Les petits actionnaires doivent être traités de la même manière que les gros, estiment le PS et l’UDC qui soutiennent l’idée de supprimer la prime dite de contrôle lors des offres publiques d’achat (OPA). Le PLR s’y oppose, au nom de la liberté de marché.

La loi sur les bourses prévoit que l’actionnaire qui acquiert un tiers au moins des droits de vote d’une société cotée en bourse doit présenter une OPA portant sur tous les autres titres. Pour s’assurer le contrôle de l’entreprise, il est en droit d’offrir un prix plus élevé aux gros actionnaires.

Cette prime de contrôle ne doit pas dépasser 33% du prix de l’offre. Lorsqu’il a introduit cette possibilité dans la loi en 1995, le législateur l’a justifiée par le fait que la valeur économique d’une participation conférant le contrôle d’une société est supérieure à celle de titres isolés.

Critiques

Mais cette «curiosité typiquement helvétique» car unique en Europe, comme le rappelle le Centre de droit bancaire et financier de l’Université de Genève, a fait couler beaucoup d’encre en 2009 lors de l’OPA sur Quadrant.

Les gros actionnaires de cette société spécialisée dans la fabrication de pièces en matière plastique, membres du conseil d’administration et favorables au rachat, s’étaient vus offrir un montant de 114,50 francs par action, soit près d’un tiers de plus que les 86 francs proposés au public.

Face aux nombreuses critiques, relayées jusqu’au parlement, la Commission des offres publiques d’acquisition (COPA) a lancé en janvier une procédure de consultation. Elle propose soit de supprimer la prime de contrôle, soit d’en limiter le champ d’application aux seules acquisitions de participations conférant effectivement le contrôle.

PS et UDC contre la prime

Dans sa prise de position transmise jeudi, dernier jour de la consultation, le PS indique soutenir la première variante, seule solution selon lui pour garantir une égalité de traitement entre actionnaires et pour mettre fin à un «Sonderfall Suisse». Cela n’empêchera pas des rachats d’entreprises mais pourrait permettre de ne plus privilégier encore davantage les gros actionnaires.

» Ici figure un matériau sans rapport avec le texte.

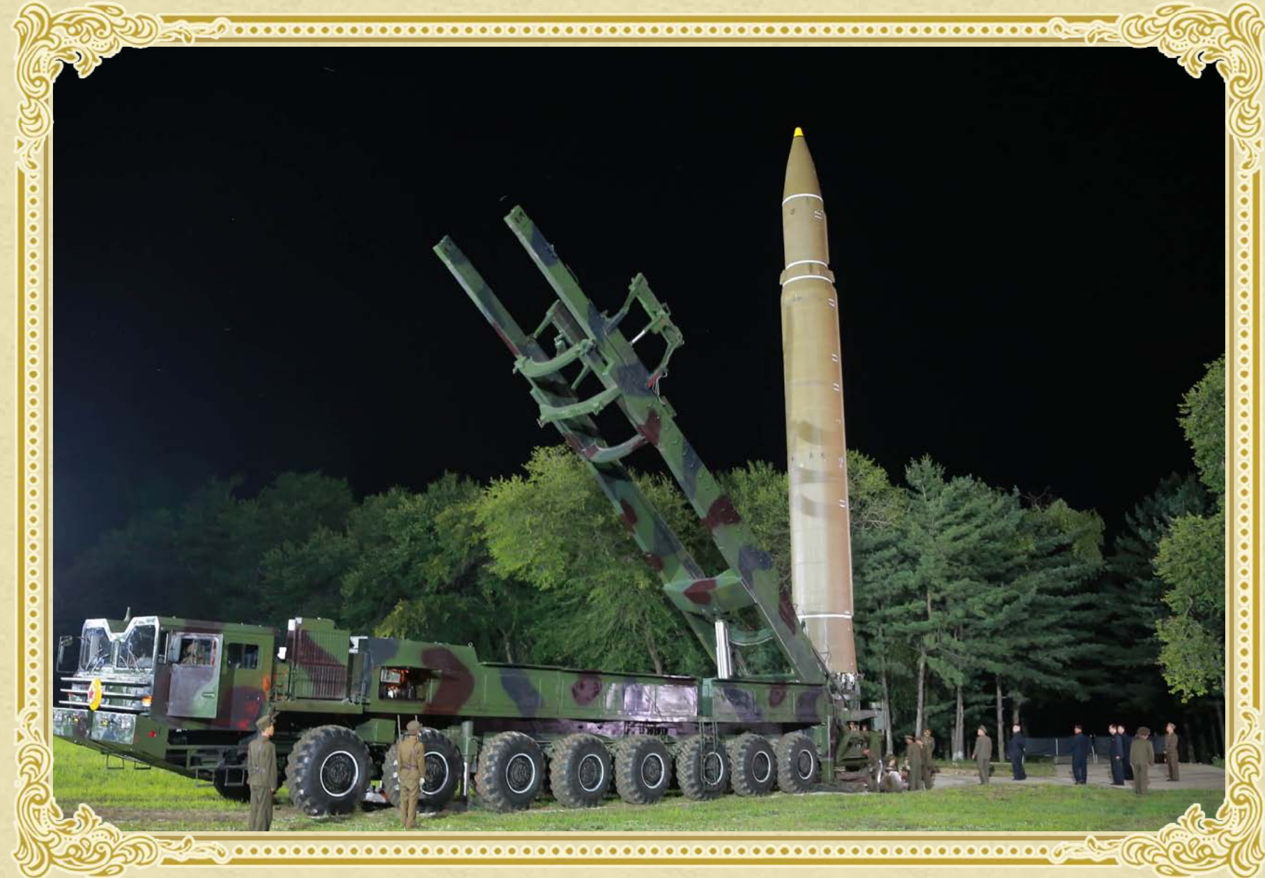
Kim Jong Un inspecting a second test firing of ICBM Hwasong 14 in July 2017
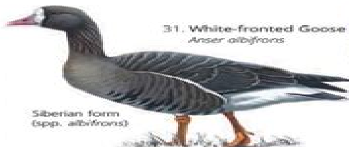
Siberian form (spp. albifrons)
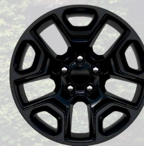
WBG - 17-Inch Black Painted Alloy Wheels (Option on Trailhawk with Trailhawk Premium Package)
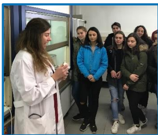
CERTH, 14 th February and 6 th March

As part of the communication and public engagement strategy of BIOGEL, the participants opened their doors to students and the general public during an ITN OPEN DAY. Visitors received presentations and tours in the research institutions and laboratories and participated in hand-on workshops. Below you find some impressions from the ITN open days that the different BIOGEL partners organized.
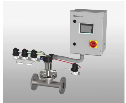
Measuring point with probe housing, flow-through fitting and control unit
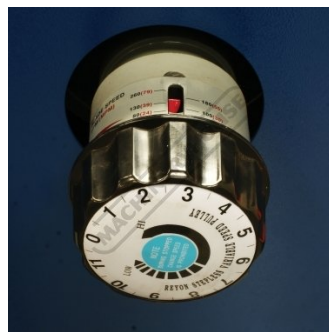
Variable Blade Speed
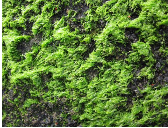
On hard volcanic tuff, North Head, Waitemata Harbour, 31 Aug 2010.
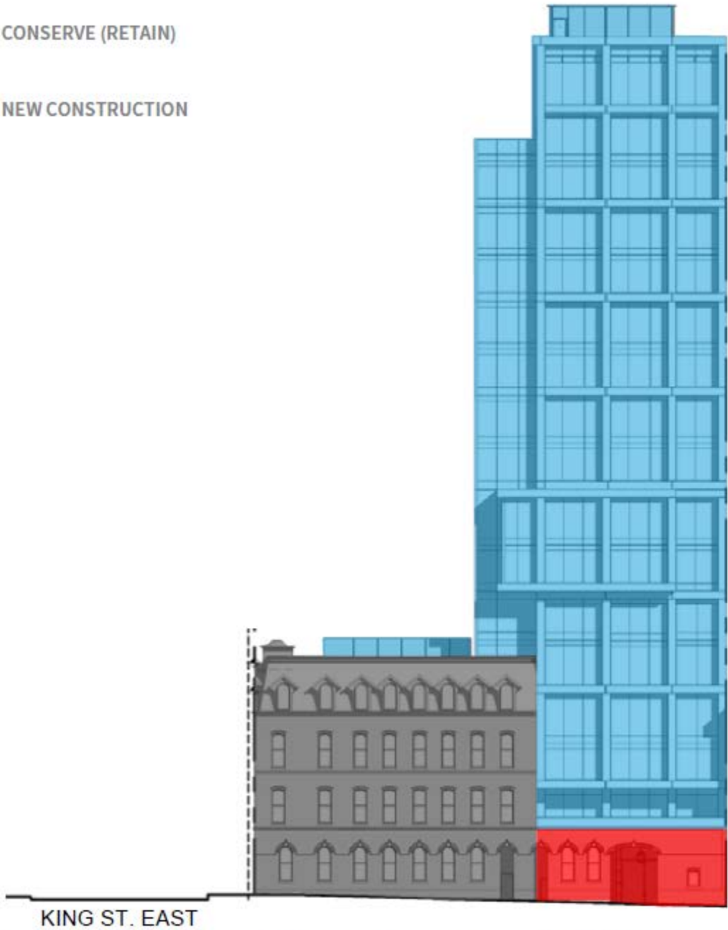
West elevation showing proposed conservation approach (Core Architects, 2021, annotated by ERA).
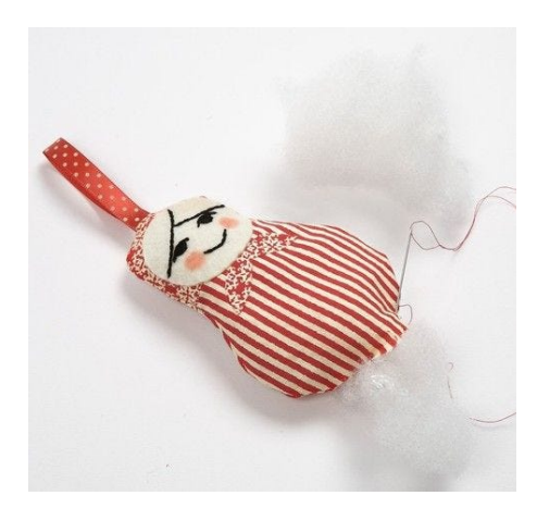
10. Fill the body lightly with polyester stuffing and sew together.

9. Fold a piece of ribbon; place it between the two body parts and sew together, leaving a 3cm hole at the bottom.
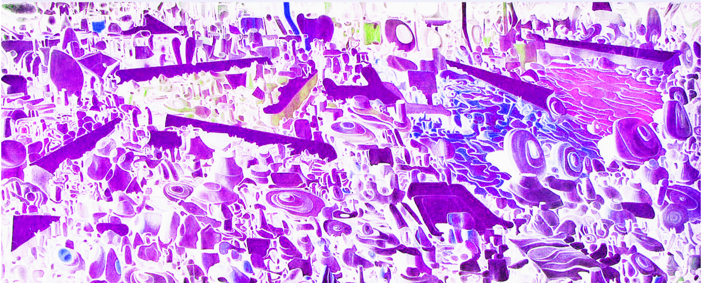
edit of Yves Tanguy's Multiplication of the Arcs (1954)

What does infrastructure mean today? Our digital environments seem to expand by constructing fictitious relations between fundamentally different dimensions: the physical space and the immaterial layer of data, the tangible and the intangible, people and things, things and systems, spaces and symbols. They invite us to perform all kinds of activities upon the suggested relations – stretching them, unwinding, tinkering, connecting, opening up, take, transfer, engender, absorb, invigorate, simulate, stimulate, inflate, protect, freeze, wrap, to name but a few.
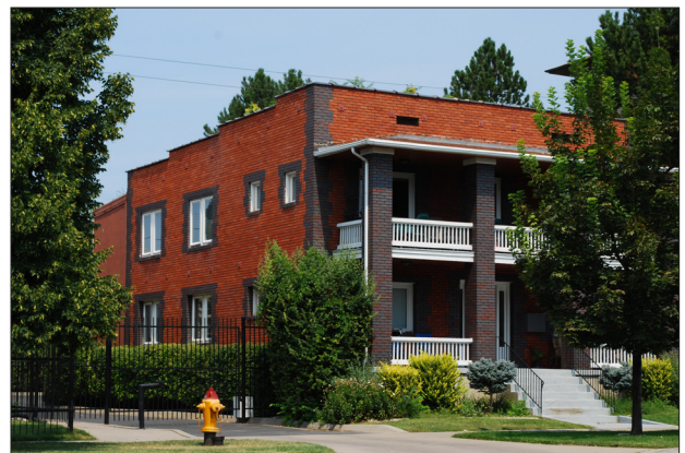
The traditional characteristics of the thermal mass of solid materials, natural ventilation and the south-facing shade provided by a shared arrangement of balconies, combine to moderate the extremes of climate without mechanical means.
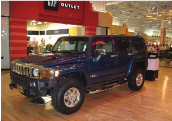
FIGURE 3-8 A vehicle display inside a covered mall building

Vehicle displays inside of buildings must be adequately safeguarded to limit the amount of fuel and ignition sources (Figure 3-8). The IFC requires that such displays limit the amount of fuel to 5 gallons or one-quarter of the tank volume, whichever is smaller, and that the fuel tank fill opening is sealed and the batteries are disconnected. [Ref. 314.4]
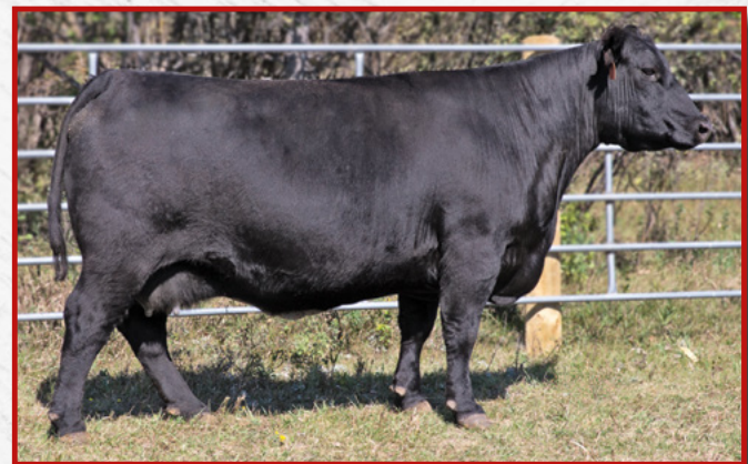
LOT 26 – HARDING LASS 798

I decided to flush Harding Lass 798 when she became a pathfinder dam, I'm glad I went that direction with her, the example of her daughters and what she can do will sell right along side her. The large number of cows, bred heifers and heifer calves in my herd, although young, look the part and are on the right track to follow in her footsteps. A granddaughter had the highest weaning weight bull calf on my place this fall. 798 had six flush brothers sired by S Architect 9501 that were a feature in my 2024 bull sale. She is still in her prime and can do a lot for anyone interested in her. She has been flushed 5 times and has averaged 14.8 viable embryos per flush.
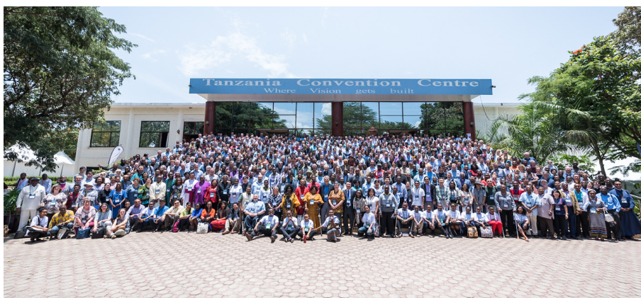
All 1,000 or so conference participants managed to fit into this picture!

It was refreshing to see a deliberate emphasis on developing younger leaders, partly because a Global Ecumenical Theological Institute programme took place during the days immediately before the main conference, with many young theologians participating. Indeed, the speakers who made the biggest impressions on everyone I spoke with were young women.
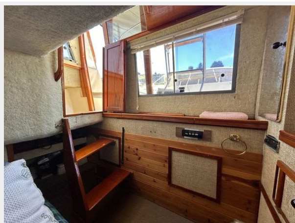
Bayliner 3270 Explorer - Aft Cabin
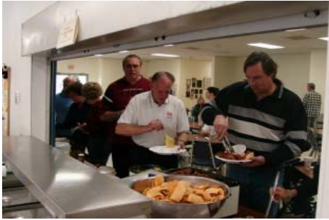
As soon as the meal bell rang, the lines to pick up the chow was served!

Pour l’UDC également, seule la suppression pure et simple de la prime de contrôle permettra de respecter le principe de l’égalité de traitement. Elle rejette en particulier l’idée selon laquelle cette prime permet d’indemniser les gros actionnaires, c’est-à-dire ceux qui ont pris le plus de risques. Si une société veut être cotée en bourse, elle doit en accepter les règles, assure l’UDC.

PLR favorable à la prime

Le PLR en revanche refuse tout changement, estimant que, dans la situation actuelle, on ne constate pas de traitement inégal systématique entre actionnaires. Selon lui, les arguments avancés par le législateur en 1995 n’ont pas changé et il est donc justifié de payer plus pour contrôler une société: la valeur économique d’un tel paquet d’actions est plus élevée que de celle de titres isolés.

Sur le fond, le PLR estime que le marché ne doit pas être entravé par des interventions inutiles visant à fixer les prix ou à entraver la liberté de contracter. D’autant plus que les actionnaires sont déjà suffisamment protégés par le fait que le prix proposé dans le cadre d’une OPA doit être au moins égal au cours de la bourse et ne pas être inférieur de plus de 25% au prix le plus élevé payé par l’offrant au cours des douze derniers mois.

Le PDC a pour sa part indiqué à l’ATS qu’il ne prenait pas position dans le cadre de cette procédure de consultation.